Many elements used in the objective function of a learning algorithm (such as the RBF kernel of Support Vector Machines or the l1 and l2 regularizers of linear models) assume that all features are centered around zero and have variance in the same order. If a feature has a variance that is orders of magnitude larger than others, it might dominate the objective function and make the estimator unable to learn from other features correctly as expected.

### Standard Scaler ###
has fit() and transform(), suitable fro use in early steps of [sklearn.pipeline.Pipeline](http://scikit-learn.org/stable/modules/generated/sklearn.pipeline.Pipeline.html#sklearn.pipeline.Pipeline)

It is possible to disable either centering or scaling by either passing with_mean=False or with_std=False to the constructor of StandardScaler.

In [2]:
X = np.array([[ 1., -1.,  2.],
              [ 2.,  0.,  0.],              
              [ 0.,  1., -1.]])
scaler = preprocessing.StandardScaler().fit(X)
scaler

StandardScaler(copy=True, with_mean=True, with_std=True)

In [3]:
scaler.mean_

array([ 1.        ,  0.        ,  0.33333333])

In [4]:
scaler.scale_

array([ 0.81649658,  0.81649658,  1.24721913])

In [5]:
scaler.transform(X) # transform train data

array([[ 0.        , -1.22474487,  1.33630621],
       [ 1.22474487,  0.        , -0.26726124],
       [-1.22474487,  1.22474487, -1.06904497]])

In [6]:
scaler.transform([[-1.,1.,0.]]) # transform test data

array([[-2.44948974,  1.22474487, -0.26726124]])

## Scaling features to a range ##

The motivation to use this scaling include robustness to very small standard deviations of features and preserving zero entries in sparse data.

### MinMaxScaler ###

Standardize features to lie between a given minimum and maximum value

In [7]:
# training data
X_train = np.array([[ 1., -1.,  2.],
                    [ 2.,  0.,  0.],
                    [ 0.,  1., -1.]])
min_max_scaler=preprocessing.MinMaxScaler()
X_train_minmax=min_max_scaler.fit_transform(X_train)
X_train_minmax

array([[ 0.5       ,  0.        ,  1.        ],
       [ 1.        ,  0.5       ,  0.33333333],
       [ 0.        ,  1.        ,  0.        ]])

In [8]:
min_max_scaler.scale_

array([ 0.5       ,  0.5       ,  0.33333333])

In [9]:
min_max_scaler.min_

array([ 0.        ,  0.5       ,  0.33333333])

In [10]:
# testing data
X_test = np.array([[ -3., -1.,  4.]])
X_test_minmax = min_max_scaler.transform(X_test)
X_test_minmax

array([[-1.5       ,  0.        ,  1.66666667]])

If MinMaxScaler is given an explicit feature_range=(min, max) the full formula is:

X_std = (X - X.min(axis=0)) / (X.max(axis=0) - X.min(axis=0))

X_scaled = X_std / (max - min) + min

### MaxAbsScaler ###

Standardize features to lie within the range [-1, 1] by dividing through the largest maximum value in each feature.

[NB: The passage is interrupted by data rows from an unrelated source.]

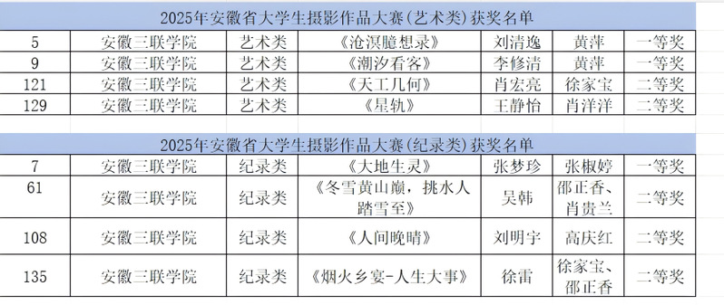在2025年安徽省大学生摄影作品大赛中,作品《沧浪随想录》、《潮汐看客》、《大地生灵》荣获一等奖,《天工几何》等作品获得二等奖。
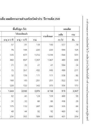 ตารางที่ 8 ลําไย: พื้นที่ปลูก พื้นที่ยังไมใหผลผลิต พื้นที่ใหผลผลิต ผลผลิตเฉลี่ย ผลผลิตรวมรายตําบลจังหวัดลําปาง ปการผลิต 2549
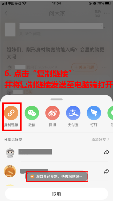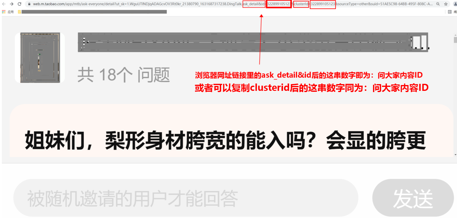 第四步:复制到浏览器里的网址链接会自动跳转成一长串链接,选择浏览器网址链接里的ask_detail&id或者clusterId后的这串数字即为:问大家内容ID

It is meant for data that is already centered at zero or sparse data.

In [11]:
# training data
X_train = np.array([[ 1., -1.,  2.],
                   [ 2.,  0.,  0.],
                   [ 0.,  1., -1.]])
max_abs_scaler = preprocessing.MaxAbsScaler()
X_train_maxabs = max_abs_scaler.fit_transform(X_train)
X_train_maxabs                # doctest +NORMALIZE_WHITESPACE^

array([[ 0.5, -1. ,  1. ],
       [ 1. ,  0. ,  0. ],
       [ 0. ,  1. , -0.5]])

In [12]:
# testing data
X_test = np.array([[ -3., -1.,  4.]])
X_test_maxabs = max_abs_scaler.transform(X_test)
X_test_maxabs                 

array([[-1.5, -1. ,  2. ]])

In [13]:
max_abs_scaler.scale_         

array([ 2.,  1.,  2.])

### Scaling sparse data ###

Centering sparse data would destroy the sparseness structure in the data, and thus rarely is a sensible thing to do. However, it can make sense to scale sparse inputs, especially if features are on different scales.

MaxAbsScaler and maxabs_scale were specifically designed for scaling sparse data, and are the recommended way to go about this.

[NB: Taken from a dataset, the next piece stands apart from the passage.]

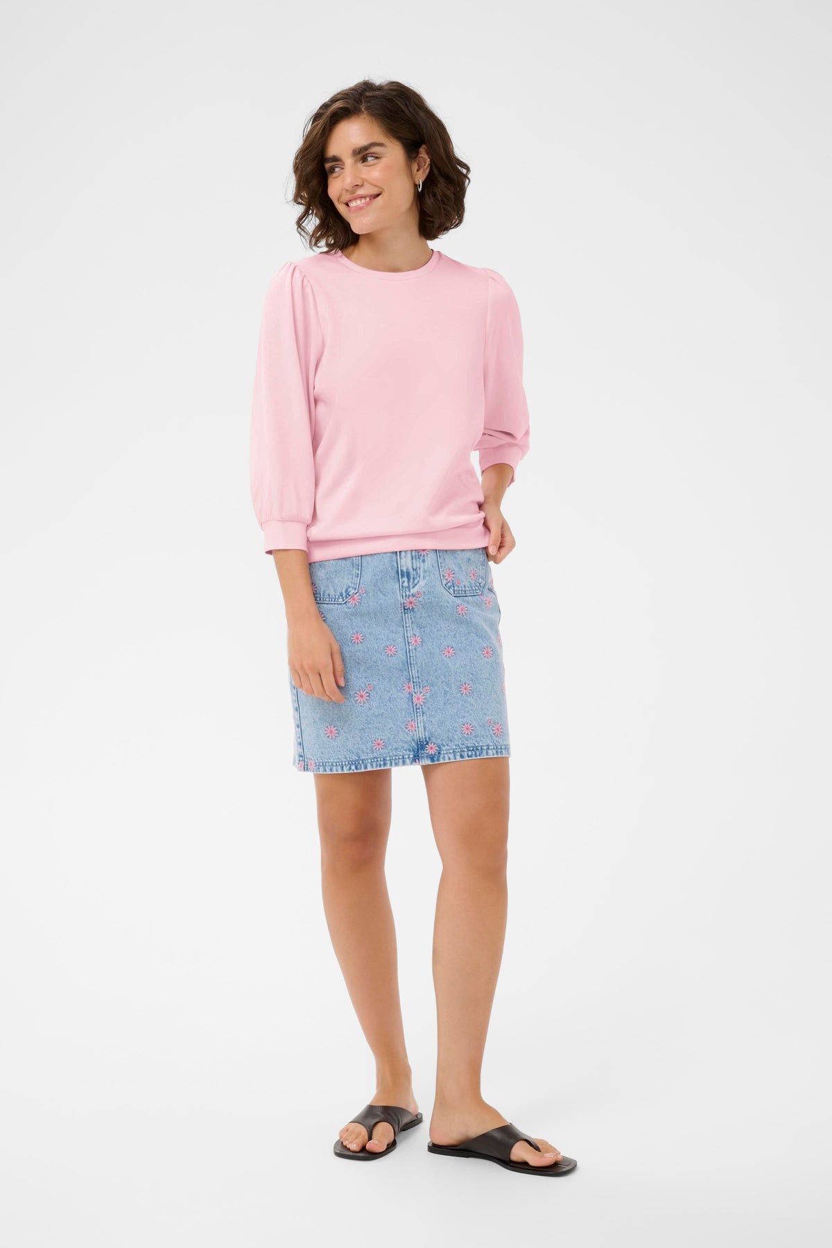 Annie is een roze sweater met ronde hals en halflange mouwen.

However, scale and StandardScaler can accept scipy.sparse matrices as input, as long as with_mean=False is explicitly passed to the constructor.

### Scaling data with outliers ###

If your data contains many outliers, scaling using the mean and variance of the data is likely to not work very well. 

In these cases, you can use robust_scale and RobustScaler as drop-in replacements instead. They use more robust estimates for the center and range of your data.

### Scaling vs Whitening ###

It is sometimes not enough to center and scale the features independently, since a downstream model can further make some assumption on the linear independence of the features.

To address this issue you can use sklearn.decomposition.PCA or sklearn.decomposition.RandomizedPCA with whiten=True to further remove the linear correlation across features.

### Scaling target variables in regression ###

scale and StandardScaler work out-of-the-box with 1d arrays. This is very useful for scaling the target / response variables used for regression.

### References: ###

[Further discussion on the importance of centering and scaling data is available on this FAQ](http://www.faqs.org/faqs/ai-faq/neural-nets/part2/section-16.html)

# Normalization #

the process of scaling individual samples to have unit norm. This process can be useful if you plan to use a quadratic form such as the dot-product or any other kernel to quantify the similarity of any pair of samples.

This assumption is the base of the Vector Space Model often used in text classification and clustering contexts.

**Sparse input**

normalize and Normalizer accept both dense array-like and sparse matrices from scipy.sparse as input.

In [14]:
X = [[ 1., -1.,  2.],
     [ 2.,  0.,  0.],
     [ 0.,  1., -1.]]
normalizer = preprocessing.Normalizer().fit(X)  # fit does nothing
normalizer

Normalizer(copy=True, norm='l2')

In [15]:
normalizer.transform(X)

array([[ 0.40824829, -0.40824829,  0.81649658],
       [ 1.        ,  0.        ,  0.        ],
       [ 0.        ,  0.70710678, -0.70710678]])

In [16]:
normalizer.transform([[-1.,1.,0.]])

array([[-0.70710678,  0.70710678,  0.        ]])

# Feature binarization #

The process of thresholding numerical features to get boolean values. 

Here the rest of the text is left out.